第27章 小兔子晏乖乖(9)
第26章 小兔子晏乖乖(9)
因為自家府裏多了位兔子主子,盡心盡責的管家也是努力學習了兔子的喂養方法,以求能把小主子伺候好,他自然知道,正常的兔子晝伏夜出,到了夜晚,是非常活潑愛動的。可他家小主子,白日裏安靜地補眠,夜間又要陪着主子睡覺,這樣乖巧,怪不得能被王爺捧在手心裏疼。
而這一人一兔又都是靜如處子,動如脫兔。
小主子晏乖乖自不必說,他只是不愛動,一旦動起來,就像山林間輕巧的小麋鹿一般,令人遍尋不到蹤跡。
而別看王爺外表清瘦,實際上,自他小時候身體不好,大病一場,高人推算他不是長命之相以後,先帝與先皇後為調養他的身體,便請來大晏的赫赫有名的武學奇才段淩風教導他。
所以很少有人知道,王爺其實是一個武學高手,每日清晨天将亮時,都要練上兩個時辰的武。和王爺溫潤風雅的外表不同,他的武學路子是比較凜冽的,他的師傅段淩風曾說他練武時,“有破天之勢”。

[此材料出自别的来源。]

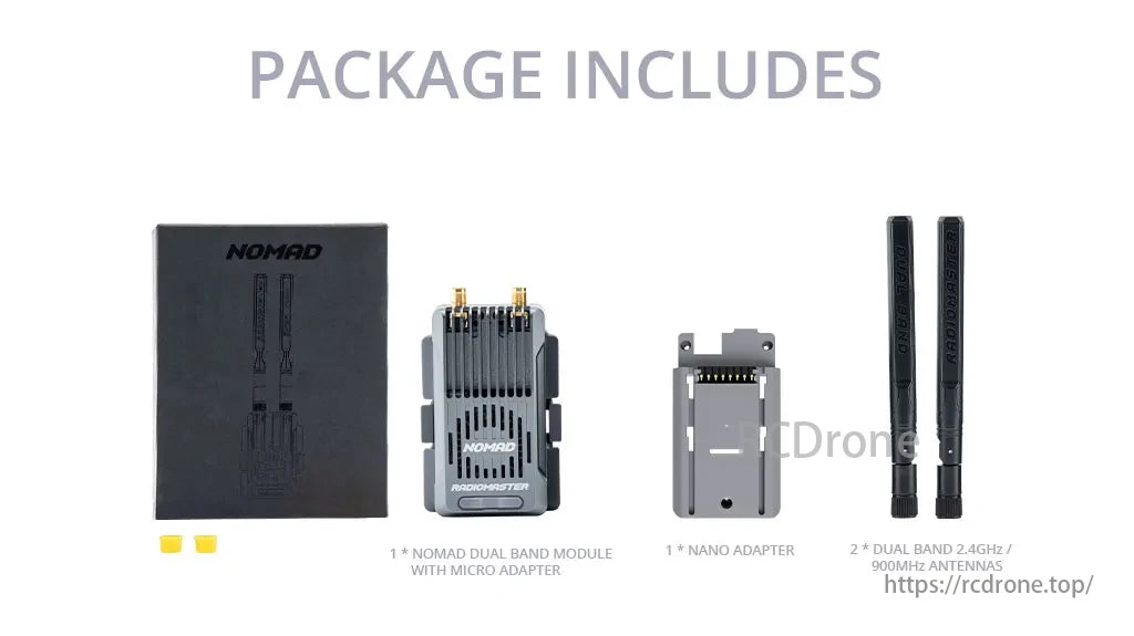 Package includes: Nomad dual band module with micro adapter, nano adapter, and two dual band antennas.
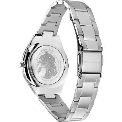 This Bering watch has a case made of stainless steel with a diameter of 31 mm and is fitted with a stainless steel band. Inside the case lies a Miyota movement and the watch features a Mineral crystal.
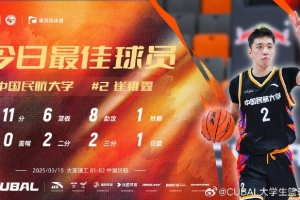 在中國民航大學(xué)82-81險勝大連理工的比賽中,中國民航大學(xué)2號崔雍鑫以11分8助攻的數(shù)據(jù)詮釋了作為分位的他同樣能勝任控衛(wèi)的工作。盡管三分線外9投僅2中,其手術(shù)刀般的傳球卻刀刀見血——8次助攻直接創(chuàng)造21分,包括終場逆轉(zhuǎn)比分的制勝三分。當(dāng)技術(shù)統(tǒng)計表上赫然標(biāo)注“0失誤”,這位身披2號戰(zhàn)袍的節(jié)奏大師,用絕對控場力撕碎對手防線:4次后場籃板快速發(fā)動反擊,更以1次關(guān)鍵搶斷掐滅大穩(wěn)住局勢。這場比賽充分證明:當(dāng)戰(zhàn)術(shù)齒輪精密咬合時,得分后衛(wèi)也可以化身雙能衛(wèi)成為勝利的隱形引擎。
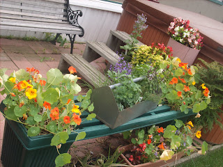 Nasturtium- Tropaeolum- also an edible flower, shown here in the ends of the bench, the yellow and orange blooms with lilly pad looking leaves

短短的一路上,李叔雜七雜八的思考了很多,到了涼亭,看着小主子的目光也越發溫和。
“主子,小主子。顧尚坤顧郎中及他女兒顧嫣然,在府外求見。”
晏非薄很喜歡李叔将他和小兔放在一起的這種稱呼,不過聽到顧嫣然的名字,還是微沉下臉:“他們來做什麽,王本不歡迎這樣的客……等等,就讓他們進來親自給乖乖道歉。”
“是,王爺。”
不多時,管家帶着顧尚坤二人過來,顧尚坤人還離得遠遠的,對上王爺那雙深不見底的眸子,想到王爺怎麽與傳說中的不太一樣,心中一慌,拉着女兒就要開始嚎叫:“王爺啊……”
這三個字剛嚎完,就被管家一把捂住了嘴。
确認顧尚坤閉緊嘴後管家才放開了他,讓人挑不出錯的先行禮告罪:“還請郎中大人恕罪則個,小主子晏乖乖聽覺比人要靈敏許多,您這一聲吼叫,在他聽來無異于平地驚雷,兔子本就是膽小之物,若是不小心受驚,只怕王爺又要心急得吃不下飯了。奴才也是一時心急,才出此下策。”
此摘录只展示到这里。